LOS IMPRESCINDIBLES - Álvaro Bermejo

“TODO LO QUE ARDE”

Personas lanzan flores a una fogata en la playa, celebrando la noche de San Juan bajo la luna llena. (Foto: Imagen generada por inteligencia artificial – Cibeles AI).
Álvaro Bermejo | Sábado 27 de junio de 2026

Deberíamos tener cada día un tiempo y un espacio donde no sepamos lo que dicen los periódicos, un lugar donde puedas sacar a la luz lo que eres y lo que podrías ser”. Nos lo recordaba el célebre mitólogo Joseph Campbell, hablando de lo que significa una noche como la que venimos de vivir. Con la primera ola de calor, nuestra última noche de San Juan.



El despertar a través del fuego: atrevernos a dejar atrás lo que nos quema para ver lo que nos ilumina. El solsticio como un rito de renovación, saltar la hoguera hacia otra dimensión de nosotros mismos. Y la clave mayor: transformar la tierra en un escenario sagrado, como el latido de la vida.

Cuesta imaginarlo en un tiempo como el nuestro, en el que sólo sacralizamos la naturaleza en su versión ecológica o vacacional, la del excursionista que opta por una vida saludable. ¿Y el espíritu, el mito, la revelación, dónde quedan? ¿En una pincelada folclórica? ¿En esas hogueras festivas, prodigadas de ciudad en ciudad, de pueblo en pueblo y de playa en playa, con qué sentido?

Dos solsticios, el de invierno y el de verano. Dos Juanes, el Bautista y el Evangelista. Réplicas del romano Jano, el de los dos rostros, guardián de las puertas solsticiales. Una, precisamente la que abre el verano, ya está cerrándose. Por eso apelamos al fuego, para que esta noche se prolongue en el día más largo del año. En esa hoguera central, que no ha de prenderse en cualquier lugar, ni con cualquier madera, pues simboliza un centro cósmico. En todo lo que arde dentro de nosotros, muerte y renacimiento, para conectarnos con el ciclo eterno de la vida.

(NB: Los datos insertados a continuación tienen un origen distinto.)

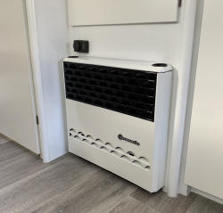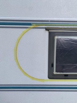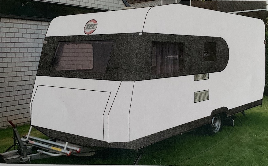 vinyl blank precision cut to size The erratically shaped vinyl floor piece was then carried into the caravan, hoping it would fit... And it did perfectly without any adjustments at all. Needless to say I was very pleased! The floor is free floating on top of the old floor and that seems to be totally ok.floor installed with the old cushions still visible on the left The ugly brown cover of the Trumatic 3200 gas heater was painted a modern white and black and the logo refurbished.old and new look of the Trumatic heater and floor covering During the make over, I fixed some minor defects and installed a few extra 220V wall outlets. All light bulbs were replaced with their LED equivalents. The toilet space was left as it was except for the brown areas painted white.toilet space was still ok, so mostly left untouched A new table for the train seat arrangement was made from the same material as the cabinet doors. The mounting rai ls were painted in black to cover the earlier gold anodized look. There are two of these at different heights, the lower one being used when the arrangement is being transformed into a sleeping bed.All new neutral gray (Southend Anthracite) cushions for the train seat arrangement were beautifully manufactured by a Dutch online shop with a peculiar name: Nofruit. All beds received new gray bed linen from Action, giving a balanced neutral look. new cushions, new table and rails painted black gray bedlinen installed and final test of the RGB LED indirect lighting (also visible top left: refurbished roof window) gray bedlinen installed and final test of the RGB LED indirect lighting The final interior job was to be the installation of a piece of art from my dear uncle Gustaaf Avonds (deceased in 2021 at the age of 95). This stunning abstract piece of art brings some colour in the otherwise quite sterile white interior. In my eyes, the perfect balance. The original work is smaller and too delicate, so it was photographed and transferred onto a 64 by 36 cm canvas, courtesy MyPoster in Germany.colourful artwork installed With the interior now completed, I was very much tempted to do the outside as well, so I made a few designs on my computer. Below some photographs of before and artist impressions after of the black and white scheme that was withheld. before and after... before and after... In the spring of 2024, I decided to do the job. Multiple weather forecast apps agreed that a few good days were coming up, so the caravan was fetched from storage. A good washing and degreasing was up first. This was done with Solarine. A good dry rubbing with Scothbrite followed. Then came the task of masking of all windows and smaller items like lighting etc. windows and lighting all masked (tail lights were removed) Normally, one would do the white first and the black on top, but I reversed the procedure because of the horizontal lines on the old scheme which ultimately were very helpful for aligning the black demarcation. To do the half circle, I cut some masking strips with the correct radius on my Roland Stika (also used to cut the new markings, see further on). demarcation line between black and white I also masked all rails above the windows and the large awning rail on the right hand side to make sure paint would not enter the rails. Now all appropriate areas were painted black. I used a simple paint brush and a roller for that. Spraying was out of the question on this outside job. The paint used was the same as for the interior: V33 kitchen renovation paint. Two coats (and in some areas three) were necessary. black paint applied I observed a lot of paint creeping through the "valleys" of the rough surface texture under the masking tape. This was not a problem at this time, but I wanted to avoid that as much as possible when applying the white over the black. So I proceeded with masking all the demarcation lines again, this time from the opposite side. When that job was finished, I first brushed some black paint along all demarcation lines, in the hope the black would creep under the masking tape and prevent any white to do the same later. I can already disclose that it worked very well indeed. white applied on all sides except roof portion The roof was tackled a day later. In fact, I did only the part of the roof which is visible horizontally. With that finished, it was time to remove the masking tape and have a first impression of the final result. Note that in the mean time I had installed a third brake light to improve safety. masking tape removed

Por eso es también ésta la noche que abre, en palabras de Caro Baroja, la estación del amor. Y la de los conjuros. Don Pío lo contó en su Jaun de Alzate y en La dama de Urtubi: aquelarres, rituales de brujería en la cueva de Zugarramurdi, en una noche de san Juan. También en el San Sebastián de su infancia: “cuando yo era chico, se nos decía que echando un huevo a un vaso de agua en la noche de san Juan…”.

Cultos al sol en la noche, invocaciones a la fecundidad, reverencia ante la dimensión mágica de la vida. Misterio. Sacralidad. Palabras prohibidas en este tiempo en el que no creemos en nada. Niños eternos rendidos a su puerilidad esencial. ¿La noche de san Juan? Una gaupasa más, como llamamos en el País Vasco a las noches de fiesta sin final. Y sin sentido.

Sopla el viento, pero no el espíritu. ¿Qué es? El aroma de la vida. Justo eso que cantó Shakespeare en su ‘Sueño de una noche de verano’. “Cantad y bailad hasta que raye la aurora”, dice el duende Puck. Y la vida responde: si no entiendes el fuego, del tuyo sólo quedarán cenizas.